### Task
Return all entries precisely as they stand, without the images.

### Exercise inputs
# # # # #

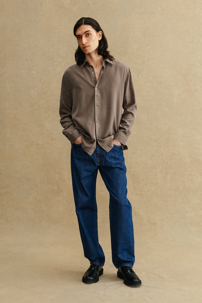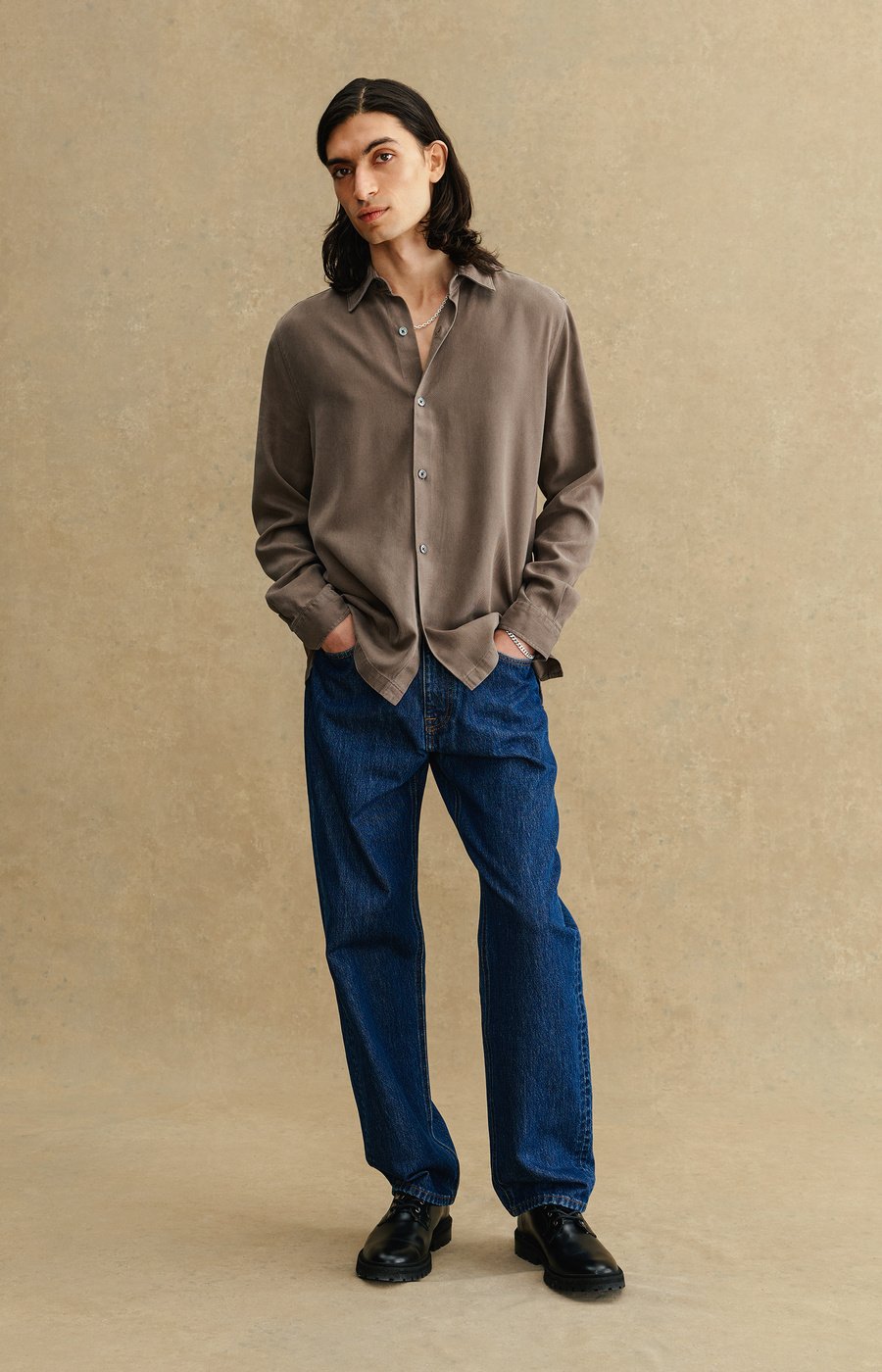 Heavy TENCEL™ Lyocell shirt designed in a straight cut. This shirt is perfect to layer over a t-shirt for a relaxed look - but works just as well as a regular shirt next to the skin. Features mother-of-pearl buttons and a small slit.
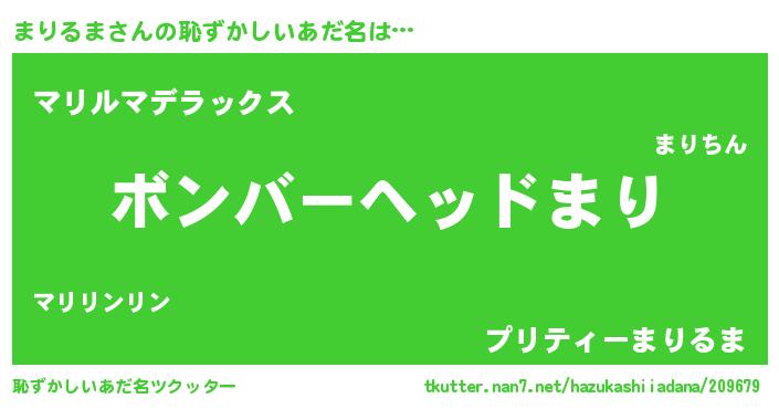 | ヘコむあだ名 | 『まりもー』『まりるま(笑)』 |
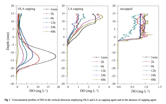 快速增氧效果:OLA覆蓋后1分鐘內沉積物DO濃度峰值達19.5 mg/L(10-15mm深度),穿透深度22.5mm(圖1),維持高氧狀態48小時。
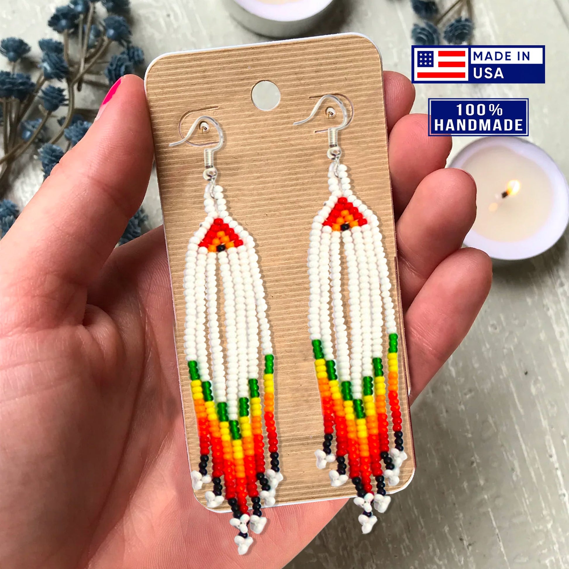 The earrings in a beaded Native American pattern Jewelry Set typically dangle from the earlobe and may feature a hook, stud, or clip-on attachment. They often showcase geometric shapes and bold colors that are characteristic of Native American beadwork.
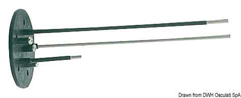 Sonda per serbatoi acque nere, lunghezza regolabile tagliando le astine. Si abbina al pannello di comando WC (50.204.42). Flangia standard internazionale 5 fori.
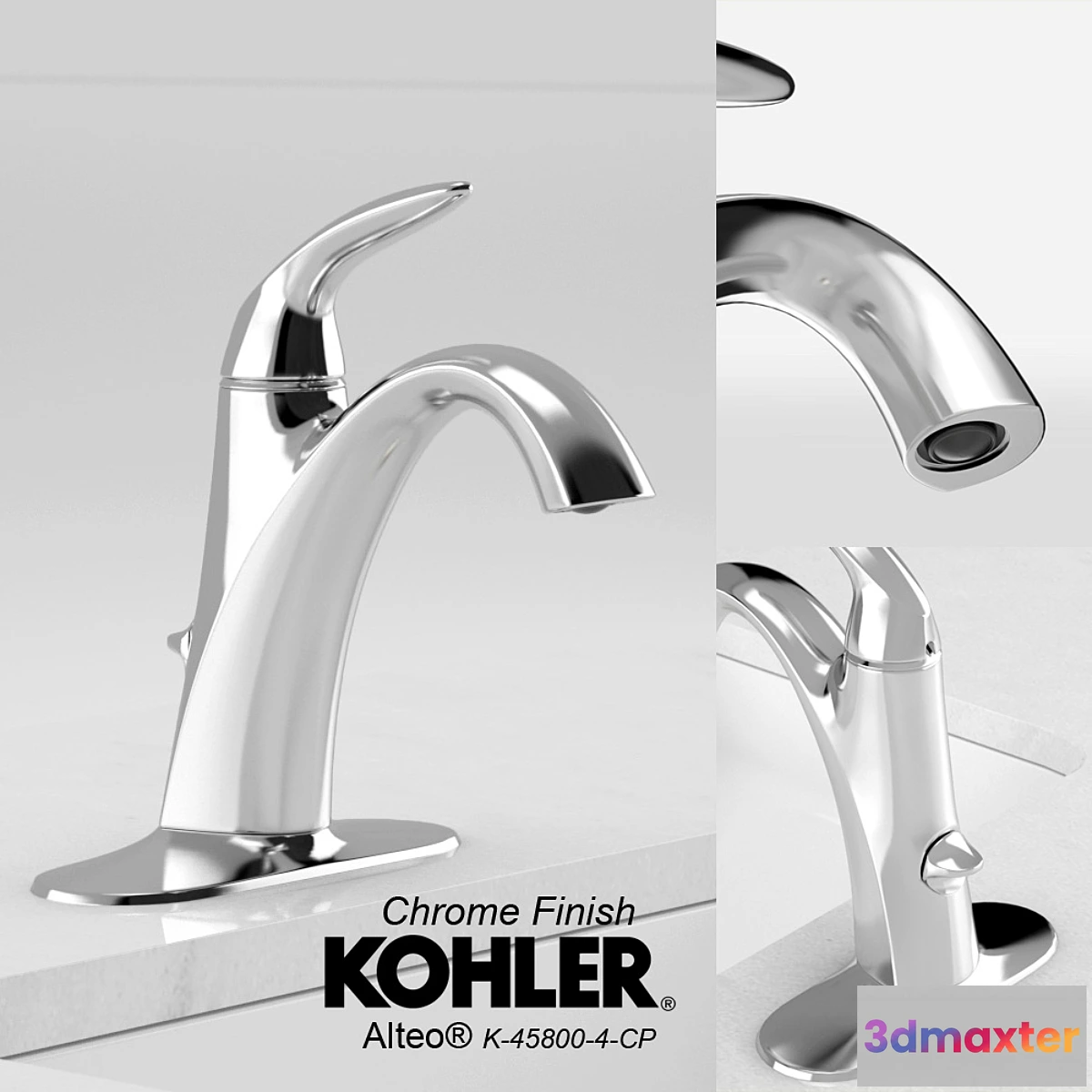 KOHLER Alteo Single-Handle Faucet – Code (K-45800-4-CP) Chrome Brushed and Oil-Rubbed Finishes – Archive containes: Max file v.2015 – Max file v.2012 – OBJ file – Brushed Metal Bitmap
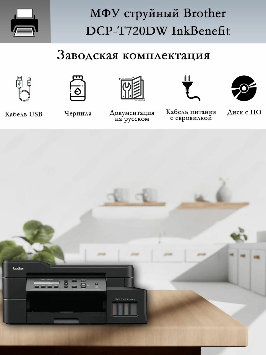 МФУ струйный Brother DCP-T720DW, СНПЧ, с Wi-fi, стартовый набор картриджей, кабель USB интересное:
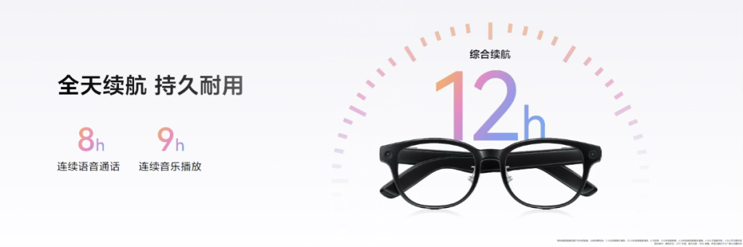 To balance high-performance computing with power efficiency, the glasses separate the Bluetooth MCU and ISP (Image Signal Processor) in their architecture, greatly extending battery life. The dual-temple batteries, totaling 252mAh, support up to 9 hours of continuous audio playback, 8 hours of voice calls, or 78 minutes of uninterrupted live streaming on a single charge.
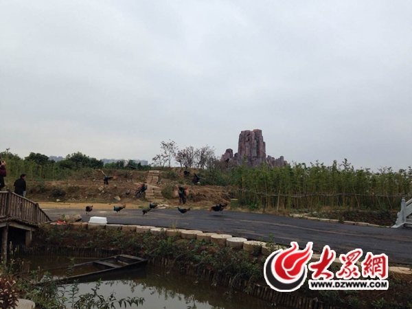 “快看,孔雀向東南方向飛去了!”采訪團的記者們在園區內看到飛來的孔雀,驚喜地招呼大家觀看。在竹林水岸景區內,記者們對美麗的景色所吸引,拿著手中的相機不停地拍照。
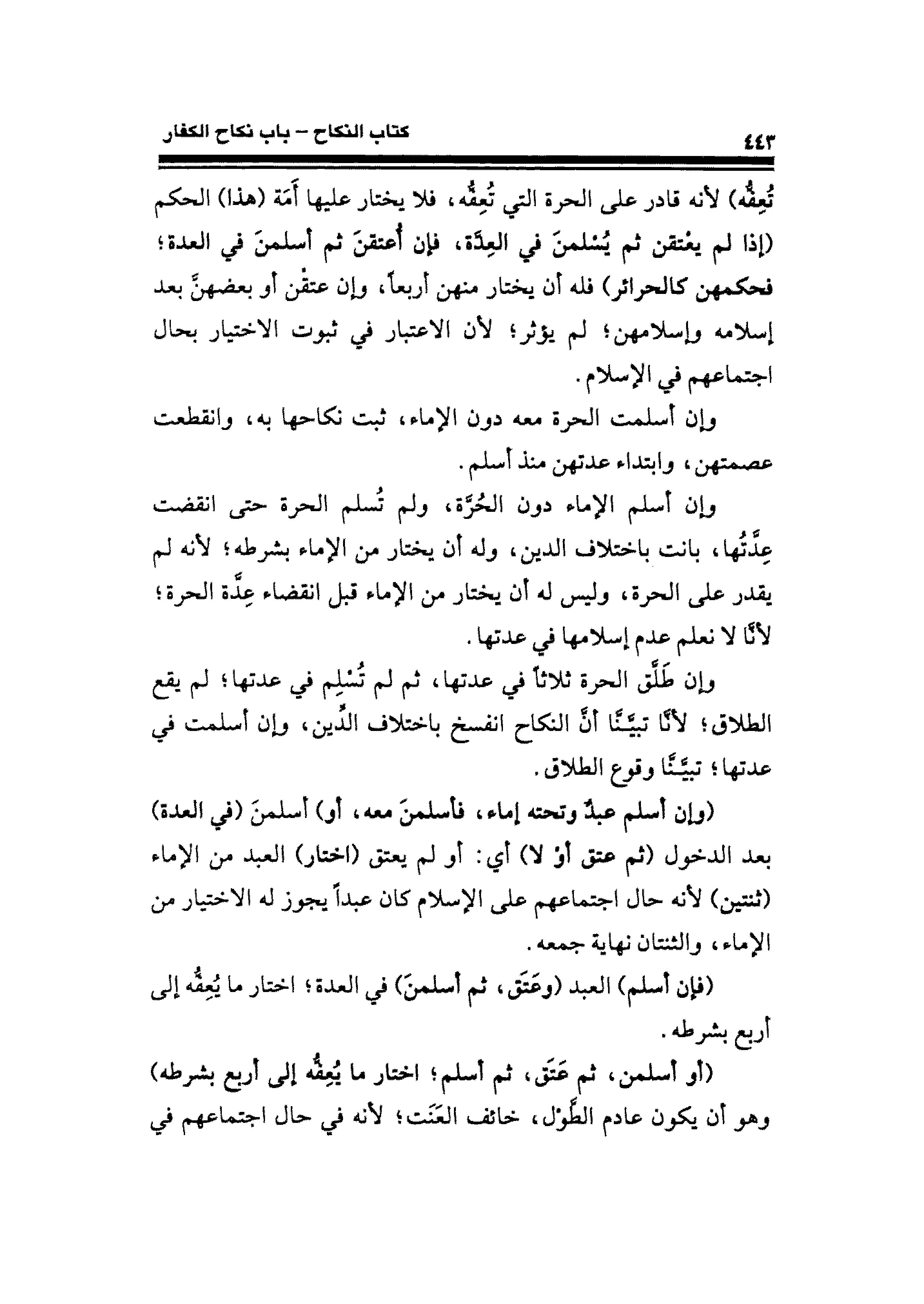 وإن أسلم الإماء دون الحُرَّة، ولم تُسلم الحرة حتى انقضت عِدَّتُها، بانت باختلاف الدين، وله أن يختار من الإماء بشرطه؛ لأنه لم يقدر على الحرة، وليس له أن يختار من الإماء قبل انقضاء عِدَّة الحرة؛ لأنَّا لا نعلم عدم إسلامها في عدتها.
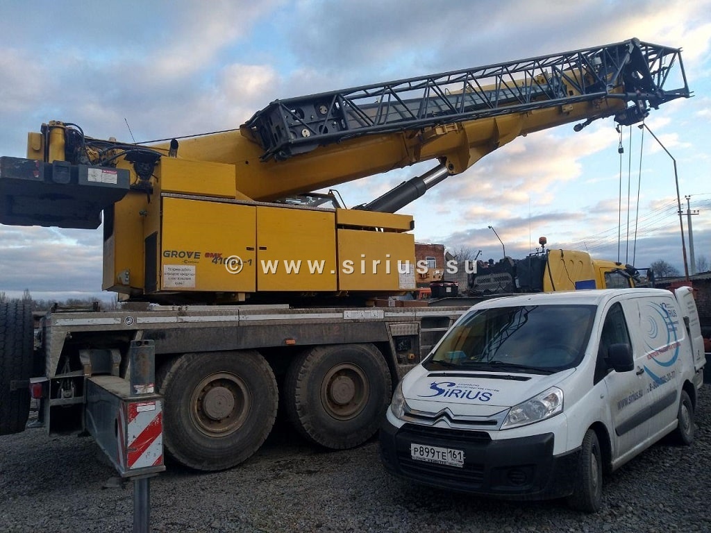 Но, а мы не будем отвлекаться от нашей работы, ведь на этот раз она была не менее интересной. Нам предстояло произвести монтаж терминала КТ-56 и ДУТ LLS 5 для подъемного крана GROVE. Грузоподъемность этого гиганта составляет до 100 тонн, с вылетом стрелы 60 метров. Не впервой «Сириус Навигатор» сталкивается с такой тяжеловесной техникой, но её мощь всегда поражает как в первый раз.
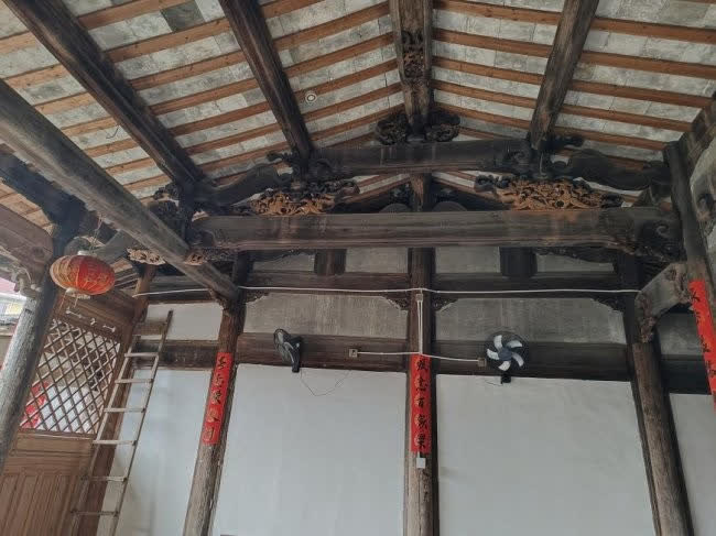 土堡深处,一砖一瓦皆藏乾坤。在沙县水美土堡群,双吉、双兴、双元三座土堡依山傍水,河卵石地基扎实稳固,红土掺砂石夯筑的丈余厚堡墙坚不可摧,本地杉木架构的梁枋错落有致,完美融合防御与居住功能。学子们循着梁柱纹理细细探寻,中厅正平柱“象球穿”雕刻寓意“太平有象”,对称花托上“吉祥”“如意”纹样清晰可辨,柱础“暗八仙”图案承载美好祈愿,天井葫芦形进水口寄托“福禄绵长”愿景,跑马道上的菱形射击孔与碉楼遗迹,直观复刻着明清宗族聚居的防御智慧。“土堡建造技艺与台湾传统聚落防御设计一脉相承,这是两岸文化同根同源的生动见证。”台湾籍教师胡博士抚摸着历经百年风雨的杉木梁枋,语气中满是感慨。
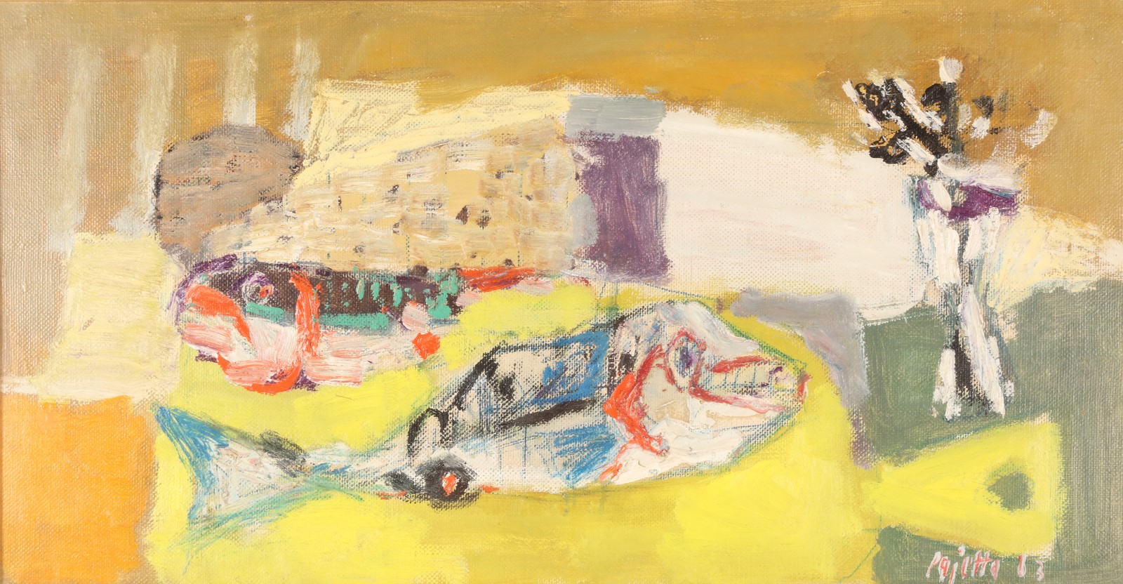 PAJETTA GUIDO PAOLO (1898 - 1987) Natura morta con pesci. 1983. Olio su tela . Cm 70,00 x 35,00. Firma e anno in basso a destra. Cornice presente
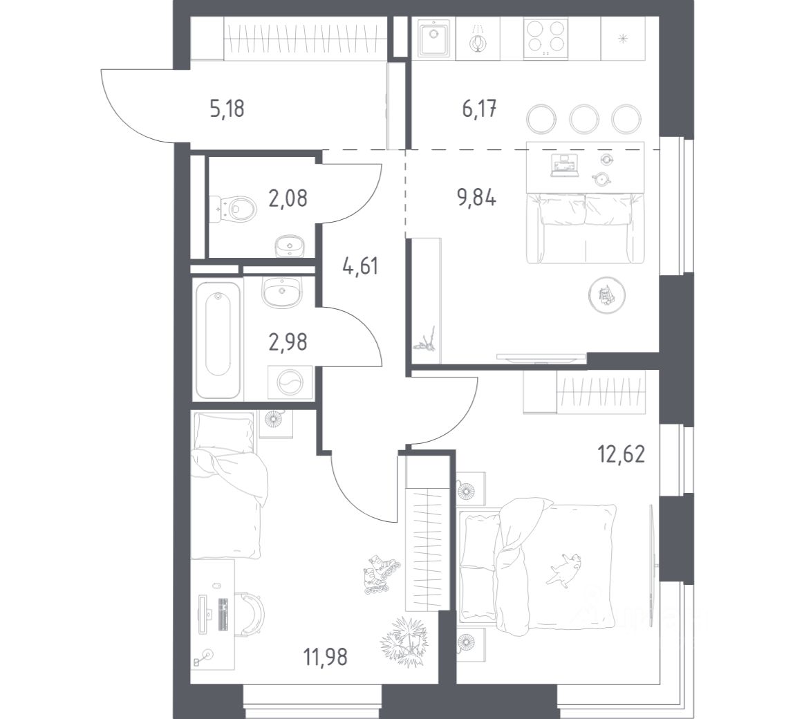 Строим кварталы для жизни с заботой о будущем. Предлагается 2-комнатная квартира комфорт-класса площадью 55,46 кв.м в корпусе 7.2 на 7-м этаже, в жилом комплексе "Богдановский Лес".
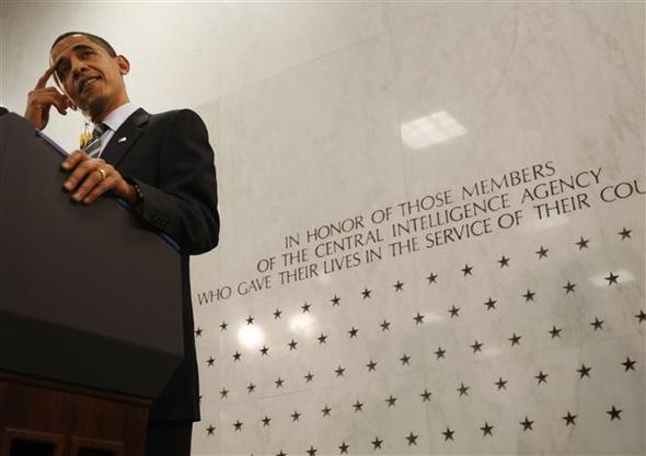 미국 중앙정보국(CIA)의 테러용의자 고문 논란이 확산되는 가운데 20일 버락 오바마 미국 대통령이 취임 뒤 처음으로 버지니아주 랭글리에 있는 중앙정보국 본부를 방문해 직원들에게 연설하고 있다. 뒤쪽에 ‘국가의 임무를 위해 목숨을 바친 중앙정보국 요원들을 기리며’라는 글귀가 보인다. 랭글리/AP연합

# # # # #

### Answer box
 Heavy TENCEL™ Lyocell shirt designed in a straight cut. This shirt is perfect to layer over a t-shirt for a relaxed look - but works just as well as a regular shirt next to the skin. Features mother-of-pearl buttons and a small slit.
 | ヘコむあだ名 | 『まりもー』『まりるま(笑)』 |
 快速增氧效果:OLA覆蓋后1分鐘內沉積物DO濃度峰值達19.5 mg/L(10-15mm深度),穿透深度22.5mm(圖1),維持高氧狀態48小時。
 The earrings in a beaded Native American pattern Jewelry Set typically dangle from the earlobe and may feature a hook, stud, or clip-on attachment. They often showcase geometric shapes and bold colors that are characteristic of Native American beadwork.
 Sonda per serbatoi acque nere, lunghezza regolabile tagliando le astine. Si abbina al pannello di comando WC (50.204.42). Flangia standard internazionale 5 fori.
 KOHLER Alteo Single-Handle Faucet – Code (K-45800-4-CP) Chrome Brushed and Oil-Rubbed Finishes – Archive containes: Max file v.2015 – Max file v.2012 – OBJ file – Brushed Metal Bitmap
 МФУ струйный Brother DCP-T720DW, СНПЧ, с Wi-fi, стартовый набор картриджей, кабель USB интересное:
 To balance high-performance computing with power efficiency, the glasses separate the Bluetooth MCU and ISP (Image Signal Processor) in their architecture, greatly extending battery life. The dual-temple batteries, totaling 252mAh, support up to 9 hours of continuous audio playback, 8 hours of voice calls, or 78 minutes of uninterrupted live streaming on a single charge.
 “快看,孔雀向東南方向飛去了!”采訪團的記者們在園區內看到飛來的孔雀,驚喜地招呼大家觀看。在竹林水岸景區內,記者們對美麗的景色所吸引,拿著手中的相機不停地拍照。
 وإن أسلم الإماء دون الحُرَّة، ولم تُسلم الحرة حتى انقضت عِدَّتُها، بانت باختلاف الدين، وله أن يختار من الإماء بشرطه؛ لأنه لم يقدر على الحرة، وليس له أن يختار من الإماء قبل انقضاء عِدَّة الحرة؛ لأنَّا لا نعلم عدم إسلامها في عدتها.
 Но, а мы не будем отвлекаться от нашей работы, ведь на этот раз она была не менее интересной. Нам предстояло произвести монтаж терминала КТ-56 и ДУТ LLS 5 для подъемного крана GROVE. Грузоподъемность этого гиганта составляет до 100 тонн, с вылетом стрелы 60 метров. Не впервой «Сириус Навигатор» сталкивается с такой тяжеловесной техникой, но её мощь всегда поражает как в первый раз.
 土堡深处,一砖一瓦皆藏乾坤。在沙县水美土堡群,双吉、双兴、双元三座土堡依山傍水,河卵石地基扎实稳固,红土掺砂石夯筑的丈余厚堡墙坚不可摧,本地杉木架构的梁枋错落有致,完美融合防御与居住功能。学子们循着梁柱纹理细细探寻,中厅正平柱“象球穿”雕刻寓意“太平有象”,对称花托上“吉祥”“如意”纹样清晰可辨,柱础“暗八仙”图案承载美好祈愿,天井葫芦形进水口寄托“福禄绵长”愿景,跑马道上的菱形射击孔与碉楼遗迹,直观复刻着明清宗族聚居的防御智慧。“土堡建造技艺与台湾传统聚落防御设计一脉相承,这是两岸文化同根同源的生动见证。”台湾籍教师胡博士抚摸着历经百年风雨的杉木梁枋,语气中满是感慨。
 PAJETTA GUIDO PAOLO (1898 - 1987) Natura morta con pesci. 1983. Olio su tela . Cm 70,00 x 35,00. Firma e anno in basso a destra. Cornice presente
 Строим кварталы для жизни с заботой о будущем. Предлагается 2-комнатная квартира комфорт-класса площадью 55,46 кв.м в корпусе 7.2 на 7-м этаже, в жилом комплексе "Богдановский Лес".
 미국 중앙정보국(CIA)의 테러용의자 고문 논란이 확산되는 가운데 20일 버락 오바마 미국 대통령이 취임 뒤 처음으로 버지니아주 랭글리에 있는 중앙정보국 본부를 방문해 직원들에게 연설하고 있다. 뒤쪽에 ‘국가의 임무를 위해 목숨을 바친 중앙정보국 요원들을 기리며’라는 글귀가 보인다. 랭글리/AP연합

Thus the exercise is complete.